Anyway, that's the fans I went with for a PC. We'll see if they're much chop. :dueling:
 

ScrubNinja

Grow like nobody is watching
Veteran
Hey man, the one on the left looks "ok" but you're not gaining much over the original tube design. The one on the right needs air between the fan and the carbon.

Please note: I like to ENFORCE the RULES when it comes to ventilation - frankly my advice is chuck it out and get a bigger case or do whatever you need to do to have the carbon filter as the number one priority. It's the number one blockage to the flow so it should be given just as much priority as your lights, or intake sizes, or whatever.

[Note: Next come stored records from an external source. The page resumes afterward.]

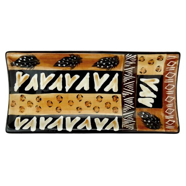 Von Hand gearbeitete flacher Servierteller. Maß: Länge ca.26cm, Breite ca.12cm. Unterglasur Design: handbemalt. Es gibt mehrere Varianten innerhalb einer Farbfamilie, gelieferter Artikel kann von der Abbildung abweichen.Material: hochwertiges Steinzeug aus weißem Ton, Glasurbrand bei 1.200°CEigenschaften: mikrowellengeeignet, für Lebensmittel geeignet.Empfehlung: handgemachte Keramik ist stoßempfindlicher als Industriekeramik. Die Standfläche der Keramik ist nicht glasiert. Wir empfehlen die schonende Reinigung durch Handabwasch.
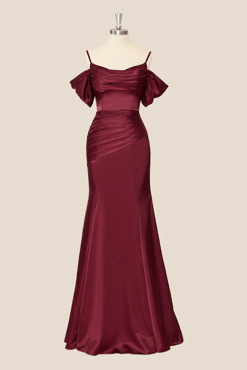 Straps Burgundy Satin Cowl Neck Mini Dress
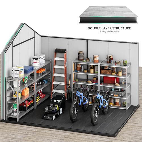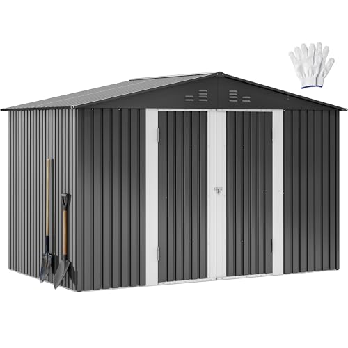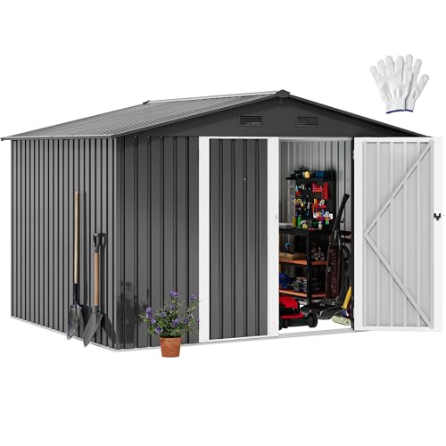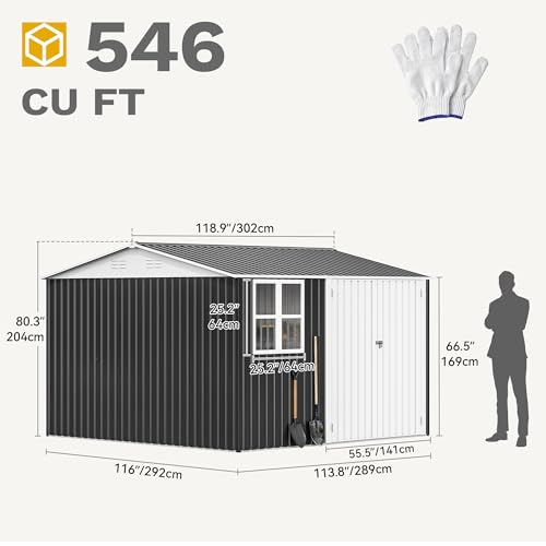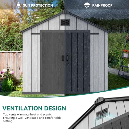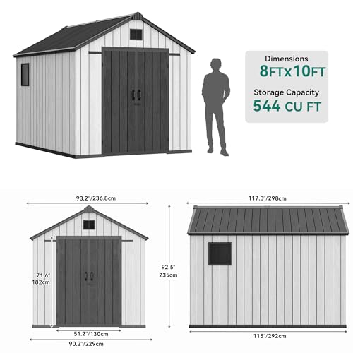 YITAHOME 8x10 FT Outdoor Storage Shed with Lockable Door, Large 544 Cuft Resin Shed with Floor Roof Windows Vents, All-Weather Plastic Storage Shed Tool Organizer for Backyard Garden Patio Lawn, Gray
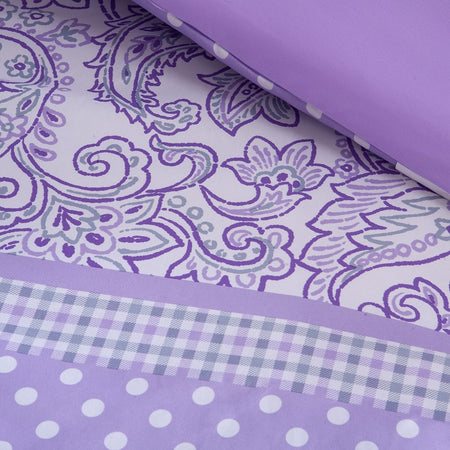 - Brighten your room with this polka dot, paisley and floral printed comforter set in purple, grey, and white colors
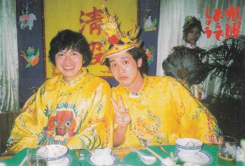 ミスターはお姫様、洋さんは王様、藤やんたちは役人でしたな。この写真ではかなり酔っていらっしゃるご様子。顔が赤いもんね。恋人よ、を披露したあとかなぁ?
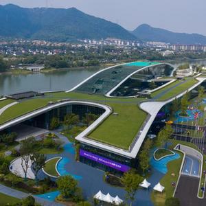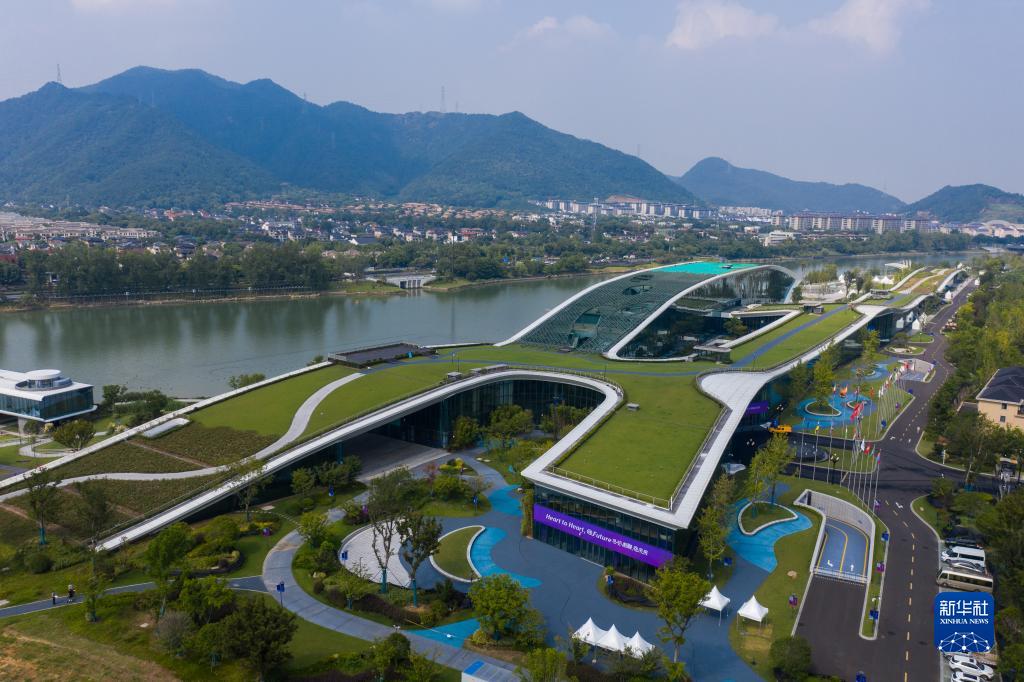 8月24日,空中俯瞰杭州富陽水上運動中心,屋頂被綠植覆蓋(無人機照片)。
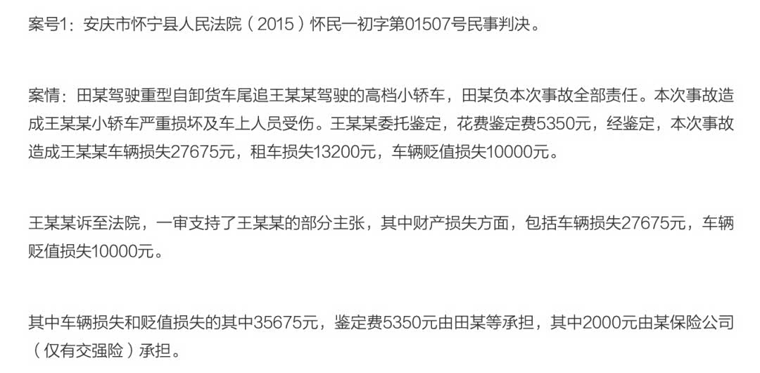 大师在网上找到了两起案例可以给大家参考下,都是索赔车辆贬值的成功案例。
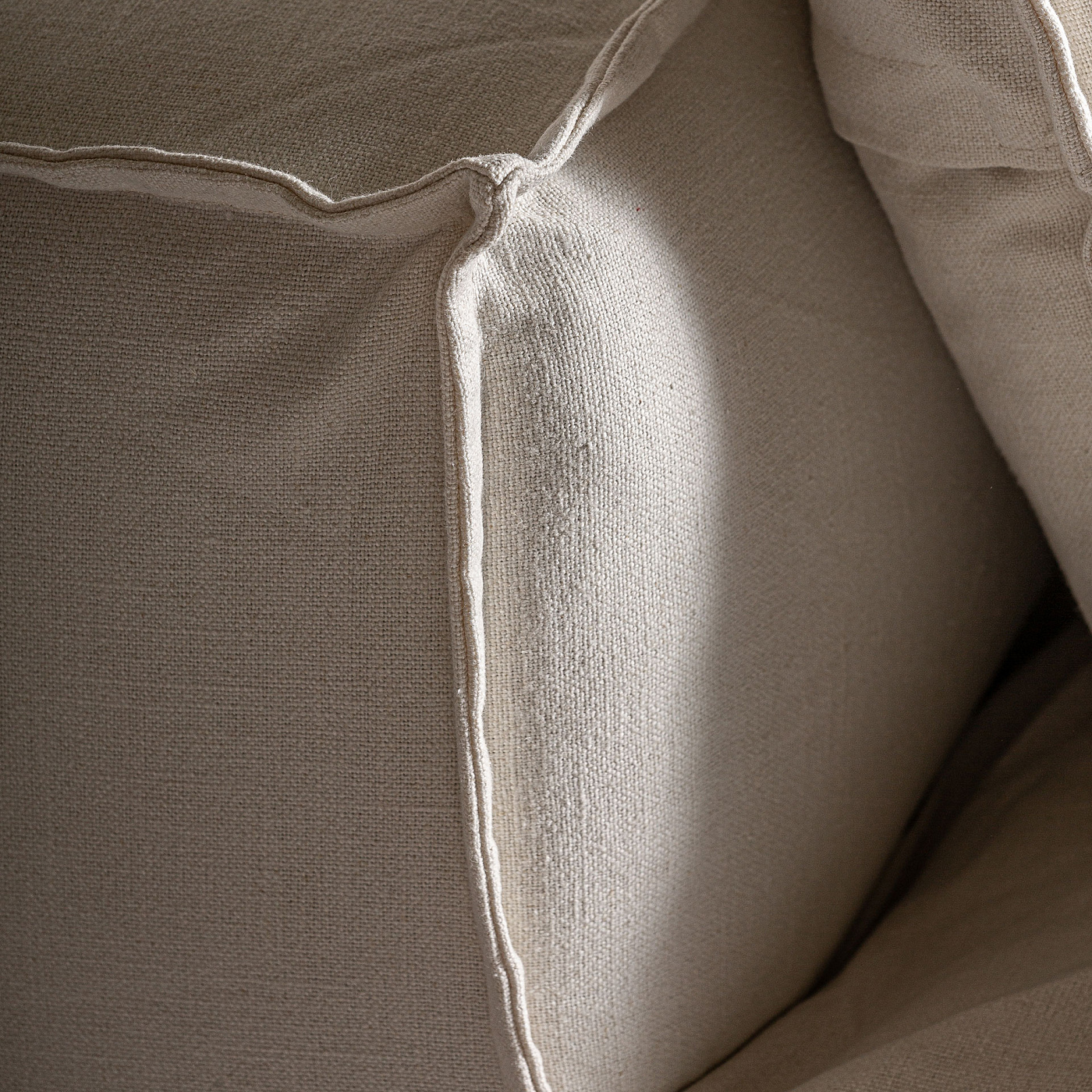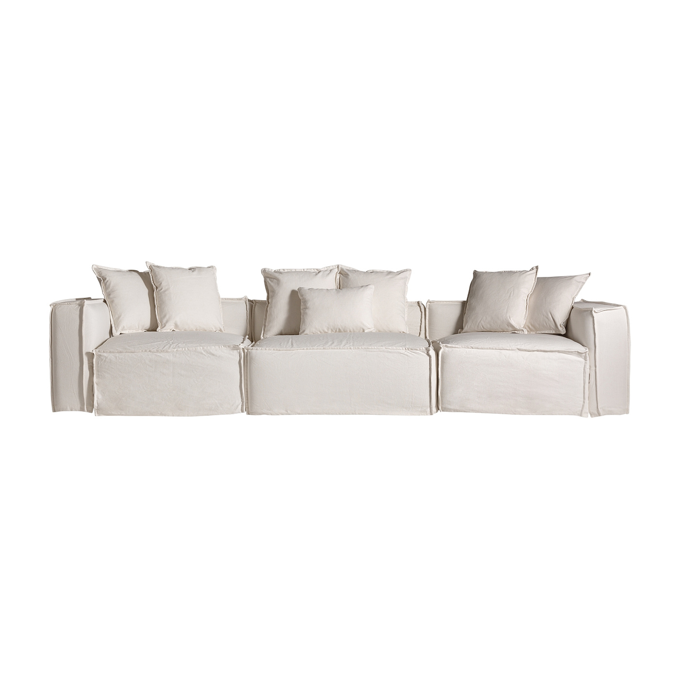 Модульный диван Virolle белого цвета в стиле арт-деко. Изготовлен из льна в сочетании с хлопком и поролоном. Съемное изделие.
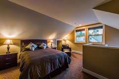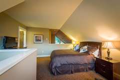 The Dogwood cottage has a versatile floor plan, with the added bonus of a second bathroom in the loft (perfect for extra guests!). The cottage's living room has a vaulted cedar ceiling and a beautiful fireplace. The fresh open-concept living and eating area is a wonderful space to spend time with family and friends on your Vancouver Island getaway.

But, at the same time, not everyone follows the rules. I can only tell you what you need for an efficient system. There are plenty of inefficient systems around and they get their bud at the end of the day, so I would encourage you to try things and get an idea how important efficiency is for yourself. Just my :2cents: but as soon as you start saying "I can afford to lose a bit here" or "I will just have to make do with this like it is" and making compromises, they will compound and cause bad reactions further along which may in turn create all new problems. Already we have an issue where you may have to remove lights and can't fit shit in, and this is before we've even become inefficient!

So that is why I'm so hardcore about it, but by all means, it can be done other ways. :)
 

ScrubNinja

Grow like nobody is watching
Veteran
My fans just turned up :D I bought a few things I forgot about and they're all Thermaltake! It looks like I'm a fanboy but it was the only good brand the store I was dealing with sold.

80mm XB Pro (2 of them)

picture.php


92mm UFO with 92mm > 80mm adapter (specs here, what a strange fan!)

picture.php
picture.php


And some 80mm 45 degree ducting things.

picture.php


BONUS LINK: Awwwww yeah, it's ya boy 3dgameman discussing computer mufflers and acoustic foam! Has a good demonstration of how well mufflers work on a very loud fan. I didn't even know you could get commercial mufflers and I think they would look pretty non suspicious if you matched the material to your pc case.

Please feel free to drop links to any interesting items.

Edit: I plugged the fans in - the XB Pro's are great! They don't have any LEDs which is good. The UFO thing is pretty close to useless. I see my mistake now - it's designed to deliver a full flow to a CPU like the blower designs, without a dead spot in the centre where the rotor is. It's good in that sense and may come in handy somewhere but overall, useless. Great LED flashing patterns though :abduct: Maybe I can fit it in one of my real computers.